We could discuss the reasons for this violent increase and never fully come to an agreeable explanation. But one criminologist at the University of Missouri-
St. Louis has me a bit puzzled with his explanation.
Scott Decker explains that most of the St. Louis murders are geographically concentrated (which, by the way, is always the case). But he goes on to say that the murders are in neighborhoods that are the most economically and "socially repressed."
Now I'm certain that Mr. Decker has forgotten more about crime than I will ever know. After all, he's an expert and studies crime on a daily basis. And then, I assume, he teachers others what he has learned about crime.
But I'm puzzled by the term "socially repressed." I assume that is his way of describing poor, black neighborhoods because that is exactly where the murder increase is coming in St. Louis --the two large minority districts. Those two areas had increases of 30 and 50 percent.
But what is "socially repressed"? That seems like some excuse to justify the violent increase. It makes it sounds as if some how society has created a situation where neighborhood residents resort to violence.
A leading police commander in St.

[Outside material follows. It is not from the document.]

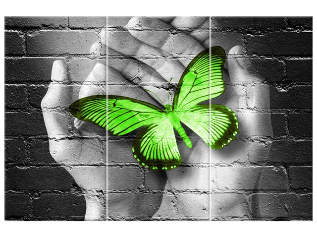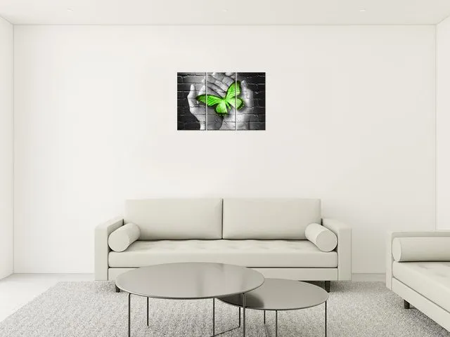 Barion Pixel Abstraktný obraz Zelený motýľ v dlaniach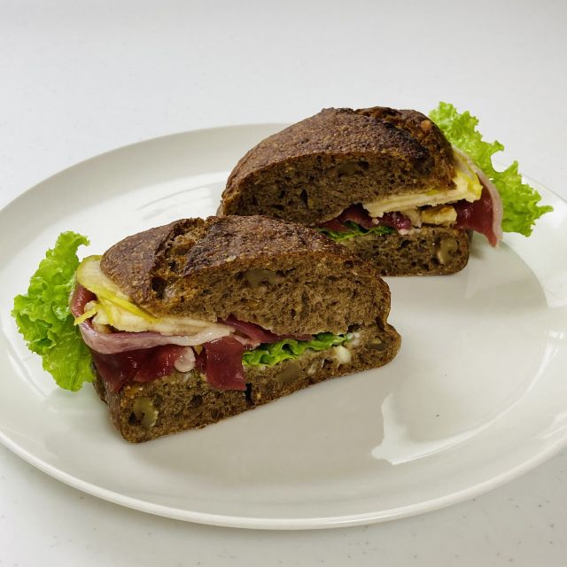青リンゴの甘酸っぱさと鴨肉のハーモニーが、今まで食べたことのない絶妙な旨さ。パン生地はクルミたっぷり入っていて食べ応えあり!

Louis also tiptoed around the reason. Capt. James Gieseke said the victims share some traits: they are usually black men in their late teens or early 20s with "similar lifestyles." Doesn't it make you want to know what those "similar lifestyles" might be?
Here's the bottom line. The drug culture and the mysterious issue of "respect" are to blame for the murders in our urban centers. Those involved in the murders fall into those two categories time and time again. And those twin issues are by no means isolated to the urban centers. The same applies in our region as well.
Until we find a way to halt the murder of young black males by other young black males we'll see a constant increase in violence.
But I still return to the term "socially repressed." Does that somehow mean that their upbringing did not educate these Missourians that it is wrong to kill someone? What level of social repression leads someone to murder another human? And more importantly Mr. Decker, what in God's name can society do to remove "social repression" from our society?
You see, it's much easier to pop a label on a problem than it is to offer a workable solution. But then again, what else is new?